Partition columns are usually time columns for convenient management of old and new data. Range partition supports column types such as DATE, DATETIME, TINYINT, SMALLINT, INT, BIGINT, and LARGEINT.

Partition information supports four writing methods:

  • FIXED RANGE: the partition as a left-closed, right-open interval.
PARTITION BY RANGE(col1[, col2, ...])                                                                                                                                                                                                  
(
PARTITION partition_name1 VALUES [("k1-lower1", "k2-lower1", "k3-lower1",...), ("k1-upper1", "k2-upper1", "k3-upper1", ...)),
PARTITION partition_name2 VALUES [("k1-lower1-2", "k2-lower1-2", ...), ("k1-upper1-2", MAXVALUE, ))
)

For example:

PARTITION BY RANGE(`date`)
(
PARTITION `p201701` VALUES [("2017-01-01"), ("2017-02-01")),
PARTITION `p201702` VALUES [("2017-02-01"), ("2017-03-01")),
PARTITION `p201703` VALUES [("2017-03-01"), ("2017-04-01"))
)
  • LESS THAN: Only define the upper bound of the partition. The lower bound is determined by the upper bound of the previous partition.
PARTITION BY RANGE(col1[, col2, ...])                                                                                                                                                                                                  
(
PARTITION partition_name1 VALUES LESS THAN MAXVALUE | ("value1", "value2", ...),
PARTITION partition_name2 VALUES LESS THAN MAXVALUE | ("value1", "value2", ...)
)

For example:

PARTITION BY RANGE(`date`)
(
PARTITION `p201701` VALUES LESS THAN ("2017-02-01"),
PARTITION `p201702` VALUES LESS THAN ("2017-03-01"),
PARTITION `p201703` VALUES LESS THAN ("2017-04-01")
)

PARTITION BY RANGE(`date`)
(
PARTITION `p201701` VALUES LESS THAN ("2017-02-01"),
PARTITION `p201702` VALUES LESS THAN ("2017-03-01"),
PARTITION `p201703` VALUES LESS THAN ("2017-04-01")
PARTITION `other` VALUES LESS THAN (MAXVALUE)
)

List partition​

Partition columns support data types such as BOOLEAN, TINYINT, SMALLINT, INT, BIGINT, LARGEINT, DATE, DATETIME, CHAR, and VARCHAR. Partition values are enumerated values. Only when the data is one of the enumerated values of the target partition, the partition can be hit .

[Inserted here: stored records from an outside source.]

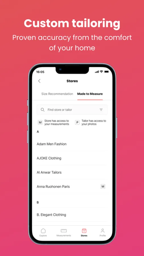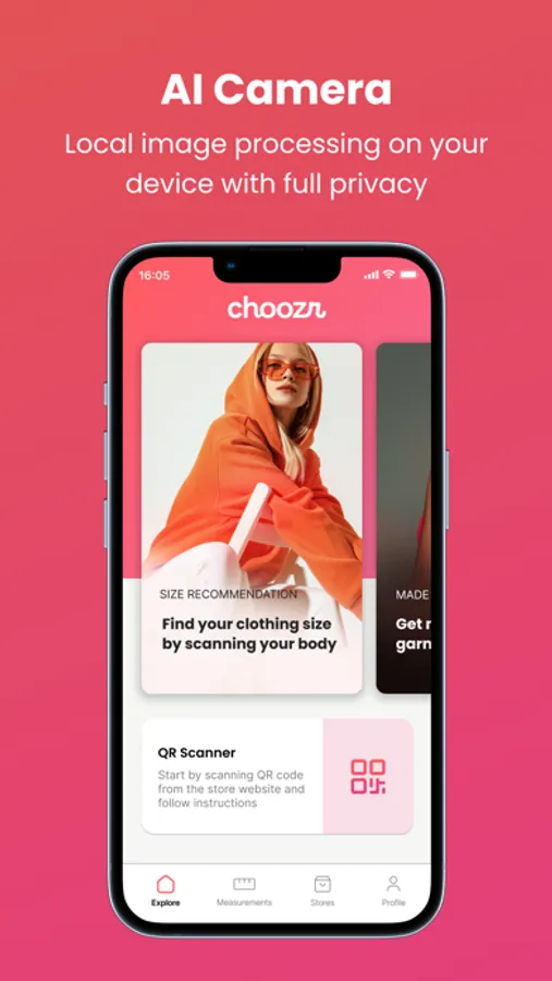 After measuring yourself through an easy and intuitive process, you can access precise size recommendations in online stores connected with Choozr or share your measurements with your trusted tailor.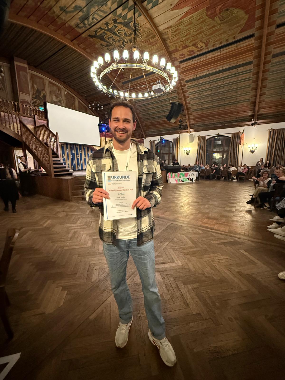 Tim Hujer, M.A., Mitarbeiter der Professur, gewinnt den 1. Posterpreis beim DGfE-Kongress in München.
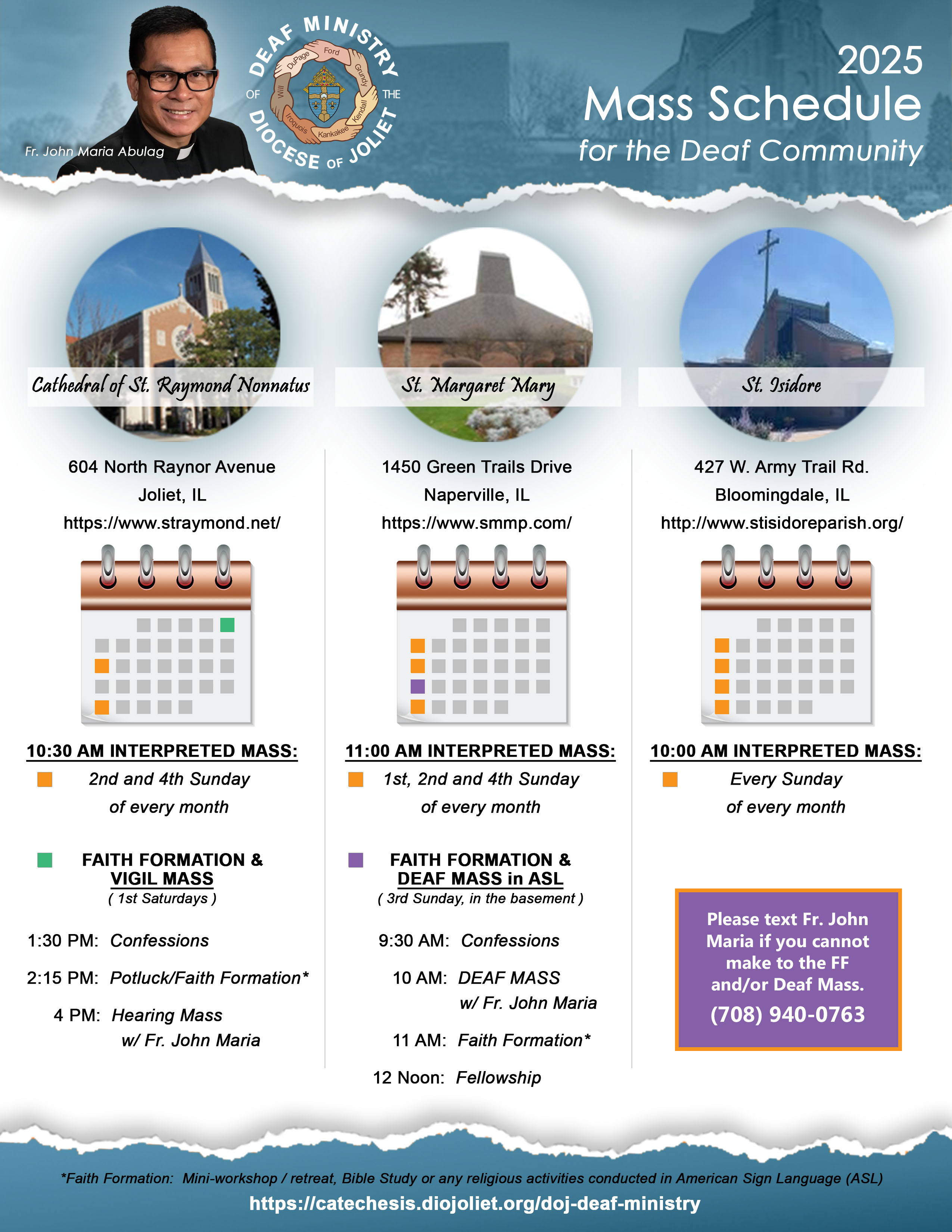 - Religous Education for K-12 Deaf or hearing children from Deaf parents (First Communion/Confirmation)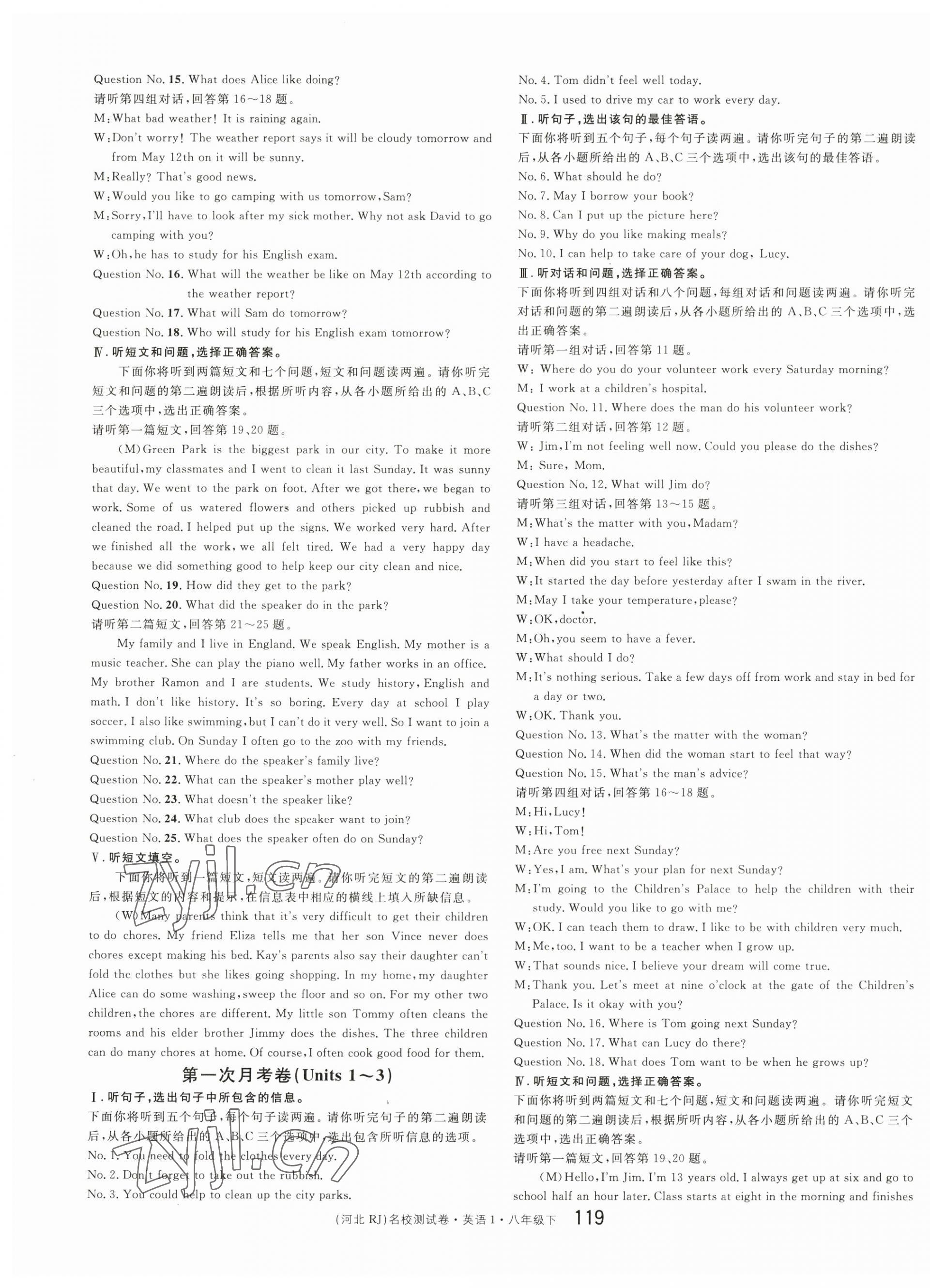 注:目前有些书本章节名称可能整理的还不是很完善,但都是按照顺序排列的,请同学们按照顺序仔细查找。练习册 2023年名校测试卷八年级英语下册人教版河北专版 答案主要是用来给同学们做完题方便对答案用的,请勿直接抄袭。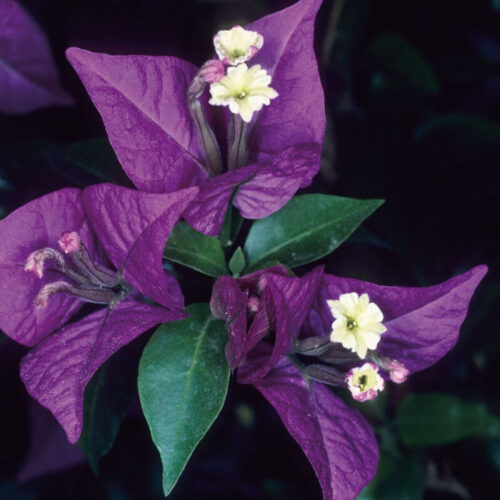 arbustos trepadores de hasta 10 m, perennifolios, ± espinosos, de hojas alternas, acuminadas, lanceoladas y de haz lustroso; flores 2–2,5 cm, tubulosas y rematadas en pequeña corona amarillenta o blanquecina, dispuestas de 3 en 3, cada una sujeta al nervio medio de una gran bráctea ovada coloreada de magenta, que constituye la parte más vistosa de la planta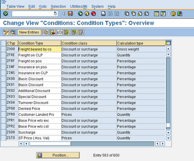 We define condition types in this step. Condition types represent Price elements in the SAP system. You specify an access sequence in every condition type. Thus, we define which fields the SAP system checks when searching for a valid condition record.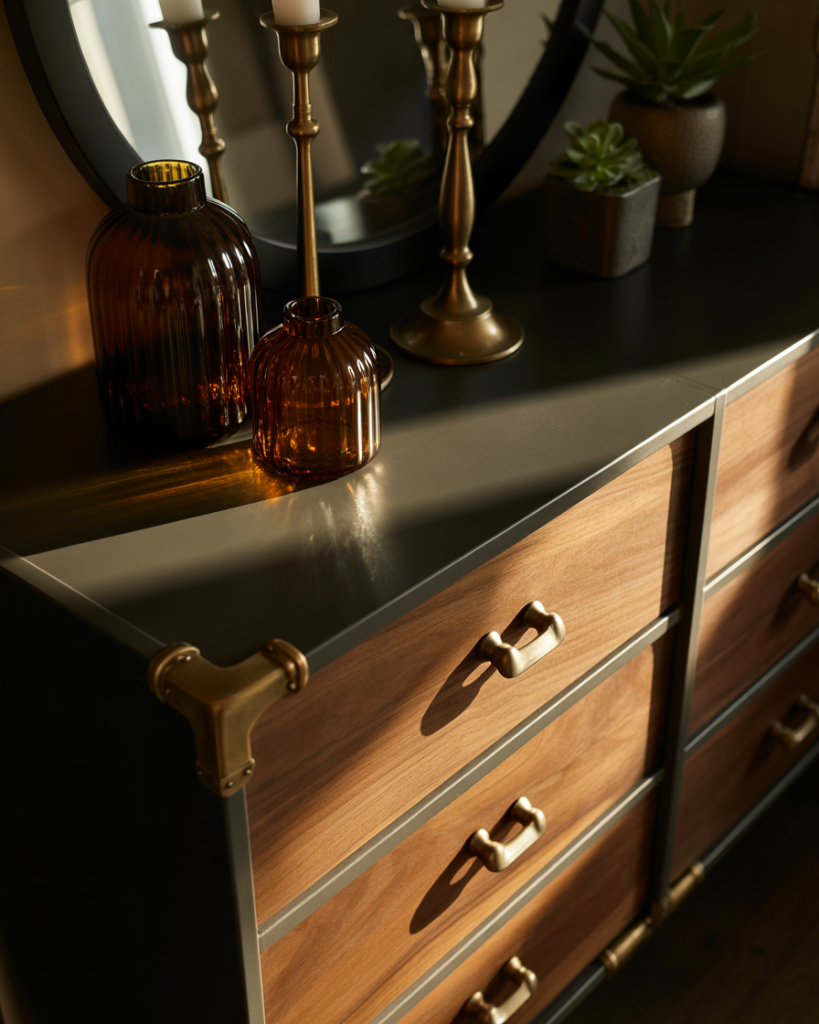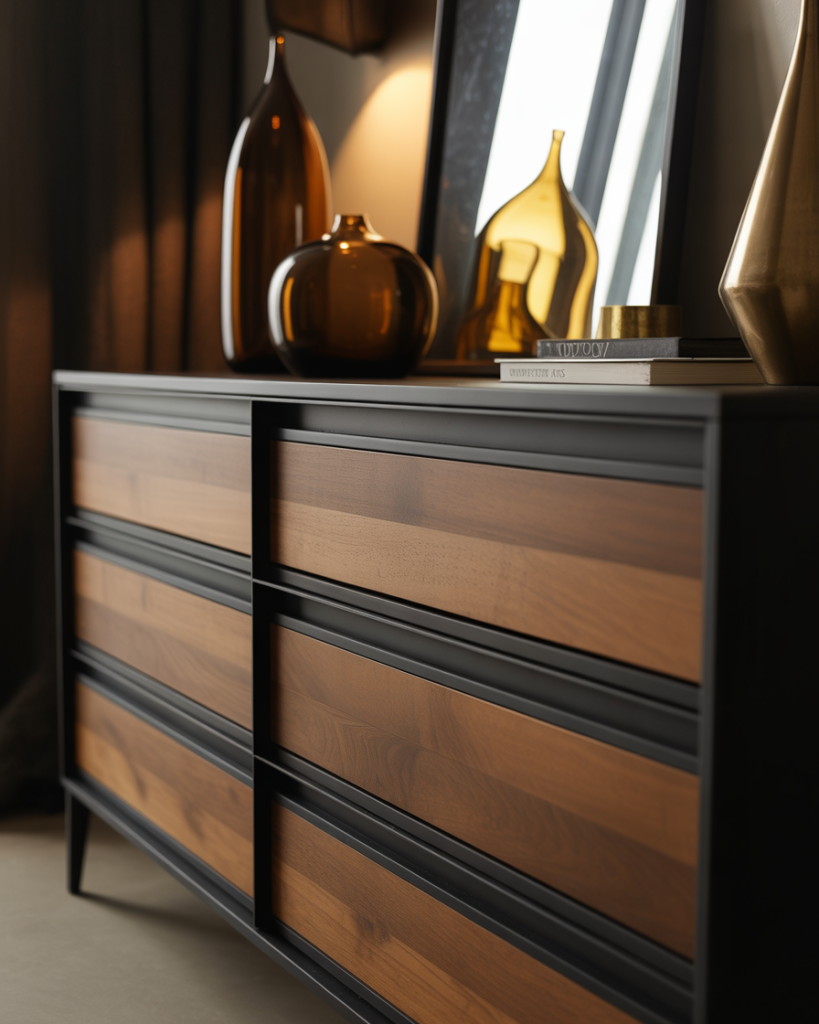 The combination of black and wood dressers offers a warm top with a cold black front and seems to be the new 2026 trend. The warm element brings balance to the cold, and it works well with mid-century-styled deliberate decor, bedroom casual aesthetics, or even industrial-styled homes. Amber glass bottles or metal trays styled on top warm the contrast instead of making it harsh.

Partitions support specifying the enumerated values contained in each partition through VALUES IN (...).

For example:

PARTITION BY LIST(city)
(
PARTITION `p_cn` VALUES IN ("Beijing", "Shanghai", "Hong Kong"),
PARTITION `p_usa` VALUES IN ("New York", "San Francisco"),
PARTITION `p_jp` VALUES IN ("Tokyo")
)

List partition also supports multi-column partitioning, for example:

PARTITION BY LIST(id, city)
(
PARTITION p1_city VALUES IN (("1", "Beijing"), ("1", "Shanghai")),
PARTITION p2_city VALUES IN (("2", "Beijing"), ("2", "Shanghai")),
PARTITION p3_city VALUES IN (("3", "Beijing"), ("3", "Shanghai"))
)